7 minute read
Gingiva-Bleaching: Pigmentierungsentfernung durch innovative Laserbehandlung
Gingiva-Bleaching ist eine zahnmedizinische Anwendung, um dunkle Stellen am Zahnfleisch zu beseitigen. Neben konventionellen chirurgischen Methoden wird als innovative Möglichkeit auch der Laser eingesetzt.
Advertisement
Seit etwa 20 Jahren werden an der Universitätszahnklinik Wien (UZK Wien) verschiedene Lasertypen erfolgreich zur Behandlung von Zahnfleischverfärbungen bei PatientInnen eingesetzt. Der Laser leistet sowohl als Diagnoseinstrument als auch als Instrument zur Behandlung der PatientInnen wertvolle Dienste. Eine große Anzahl von Laseranwendungen in verschiedenen Bereichen der Medizin wie Ophthalmologie, Dermatologie, Chirurgie und Zahnheilkunde verhelfen den Menschen zu besserer Lebensqualität. Als jüngste Entwicklung in diesem Fachbereich ist der Er:YAG-Laser zu nennen, der gegen Ende des 20. Jahrhunderts in der medizinischen Praxis Einzug hielt. Es dauerte schließlich nicht lange, bis man ihn gezielt in der Zahnheilkunde einsetzen konnte.

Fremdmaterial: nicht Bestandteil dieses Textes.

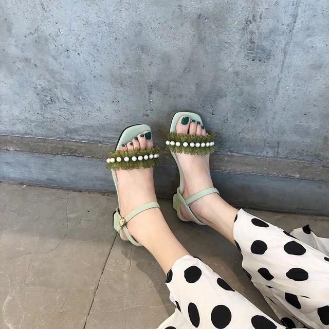 Giày cao gót nữ, Giày cao gót nữ, ***Thông tin sản phẩm -Sản phẩm: Giày sandal, giày cao gót nữ 5p quai bản ngang kết ren phối hạt châu -Chất liệu da: mềm -Nơi sản xuâ...
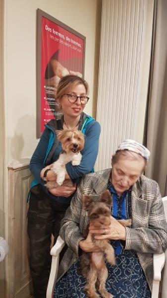 Les habitudes et l'amitié sont déjà installées, les chiens ont l’habitude de venir et les résidents sont très contents de les recevoir. Merci à l’équipe médiatrice et l’association 4 Pattes Tendresse pour tout le bonheur apporté.

Zu den wichtigsten Anwendungsformen dieses Lasers gehören Ablation von Hartgeweben, Faltenglättung im Gesichtsbereich oder die Anti-SchnarchTherapie. Eine weitere Anwendung von Er:YAG-Laser ist unter dem Namen Gum-Bleaching oder Gingiva-Bleaching bekannt.
Problem Zahnfleischverfärbung
Zu einem schönen Gesicht gehört auch ein makelloses Lächeln. Dabei stellt man sich weiße Zähne umgeben von rosarotem Zahnfleisch vor. Gesundes Zahnfleisch ist ein wichtiger Teil eines schönen Lächelns. Dunkle Areale auf dem Zahnfleisch werden als ästhetisch unangenehm und störend empfunden, ganz besonders häufig leiden junge Frauen unter diesem Makel. Dies kann in manchen Fällen sogar zu psychischen oder sozialen Schwierigkeiten führen.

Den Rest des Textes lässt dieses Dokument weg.